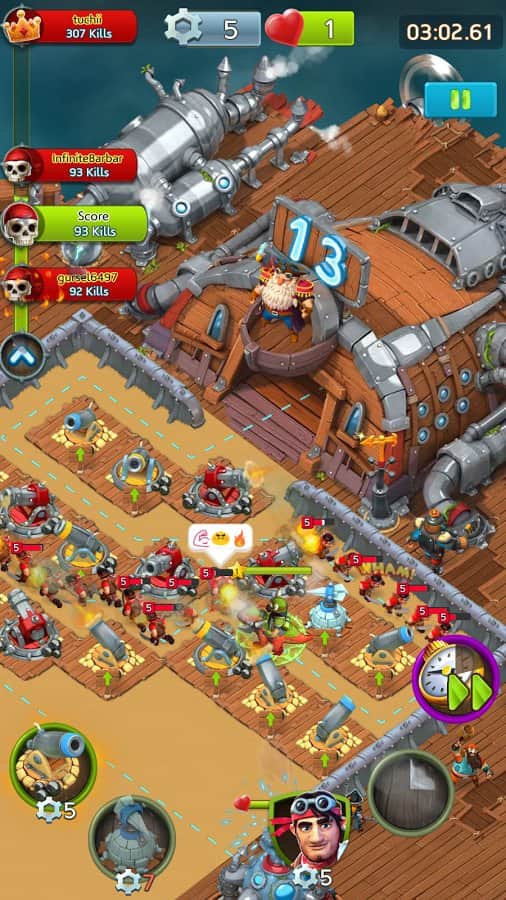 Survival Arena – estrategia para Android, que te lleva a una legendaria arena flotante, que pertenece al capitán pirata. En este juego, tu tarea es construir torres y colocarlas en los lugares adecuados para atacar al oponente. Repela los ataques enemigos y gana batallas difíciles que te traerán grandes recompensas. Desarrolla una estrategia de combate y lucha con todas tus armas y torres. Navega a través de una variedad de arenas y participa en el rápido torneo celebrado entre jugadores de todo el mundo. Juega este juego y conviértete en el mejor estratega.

***

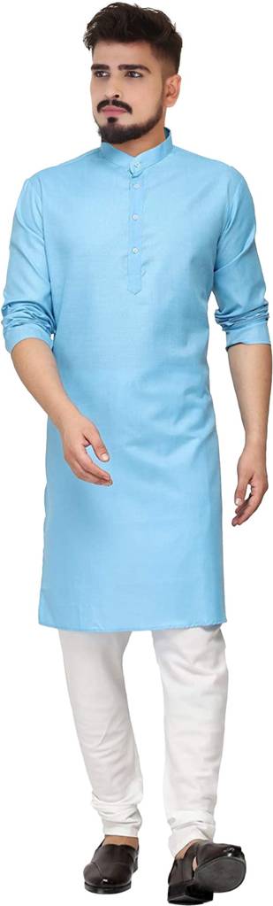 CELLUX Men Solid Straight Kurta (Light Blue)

***

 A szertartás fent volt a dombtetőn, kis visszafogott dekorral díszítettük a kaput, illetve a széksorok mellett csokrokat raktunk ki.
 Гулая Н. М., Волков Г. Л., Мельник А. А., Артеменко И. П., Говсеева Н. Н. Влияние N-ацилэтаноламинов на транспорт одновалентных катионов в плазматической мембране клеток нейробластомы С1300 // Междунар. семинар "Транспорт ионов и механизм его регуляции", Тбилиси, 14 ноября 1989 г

***

* [WHAT THE EXERCISE ASKS] In the listing above, find the line with "A szertartás fent" and the line with "Гулая Н. М., Волков". Output those two lines and every line between them, exactly as written.

* [COMPLETED TASK]
 A szertartás fent volt a dombtetőn, kis visszafogott dekorral díszítettük a kaput, illetve a széksorok mellett csokrokat raktunk ki.
 Гулая Н. М., Волков Г. Л., Мельник А. А., Артеменко И. П., Говсеева Н. Н. Влияние N-ацилэтаноламинов на транспорт одновалентных катионов в плазматической мембране клеток нейробластомы С1300 // Междунар. семинар "Транспорт ионов и механизм его регуляции", Тбилиси, 14 ноября 1989 г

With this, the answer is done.